Nursing students at UT Arlington take classes online and in traditional class settings.
Mintz-Binder, who holds a master's degree in psychiatric/mental health nursing and a doctorate in nursing educational leadership, received two grants from the Dallas-based education company Academic Partnerships to initiate a multi-year study comparing the experiences of on-campus and online master's degree students. She'll present the first results from her study Thursday at a multidisciplinary conference for the International Journal of Arts and Sciences on the Harvard Medical School campus in Boston.
"With their classes condensed from the traditional 15-week schedule to a five-week schedule, online students have very intense expectations to meet and there isn't really a lot of research data out there that measures their experience over time. We're trying to understand what we can do to help them stay in the program once they have committed," said Mintz-Binder, an assistant professor in the University of Texas at Arlington College of Nursing.
Health care experts, such as the National Academies' Institute of Medicine, have called on nurses nationwide to continue their education through lifelong learning to elevate patient care and community health. Nursing schools across the country also turn away thousands of applicants each year because they lack capacity. More graduate-level nurses also are needed to teach a new generation.
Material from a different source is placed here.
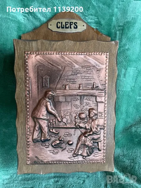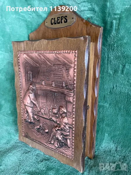 Френска винтидж кутия за ключове огнище мед дърво масив → Обява 48160360
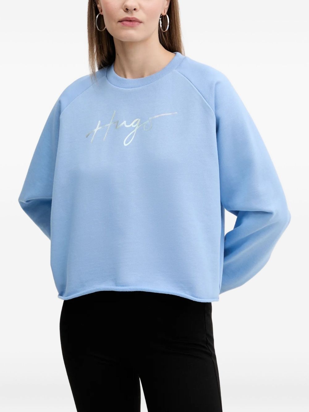 logo-print sweatshirt Highlights - Light blue - Long raglan sleeves - Cropped - Crew neck - Embroidered logo Imported Composition Cotton 100% Washing instructions Read Manufacturer Guidelines

The participants in Mintz-Binder's study -- 38 students in the online courses and 21 in the on campus courses -- took an online survey focused mainly on stress levels and their sense of belonging or feeling connected. Some of the findings she observed already:
- Both groups experienced what Mintz-Binder saw as a satisfactory level of feeling that they belonged to a community or were connected, scoring an average of about 60 on a test with an 80-point scale. Online students scored slightly higher on the measure.
- All but five of the online students made contact with academic coaches who supplement instruction in the online classes. For those students, more contact with the online coach translated into a stronger sense of belonging.
- Both groups indicated similar levels of stress. For the online students, Mintz-Binder observed a stronger relationship between their grade in the course and their stress. Not surprisingly, lower grades were linked to more stress.
"Throughout the country, nurses are being encouraged and supported, sometimes financially, by their employers to seek a graduate degree and expand their roles," said Jennifer Gray, interim dean of the UT Arlington College of Nursing. "Online education has become an extremely viable tool for helping them accomplish those goals, but little is known about the best ways to help working nurses be successful as students.
"To get the best return on the investments of students, employers, and nursing program, we must do everything we can to guarantee success. Dr. Mintz-Binder's research results will help with that endeavor," Gray said.
This summer, Mintz-Binder will begin the second phase of her study. She will take the same measurements from participants a year from the first surveys. She also hopes to gather information about life changes, such as a change in job status or home life, that may have affected their persistence in school.
"All those little things should help us paint a picture of what we can do to help these students, to give them the support they need in this very intense program," she said.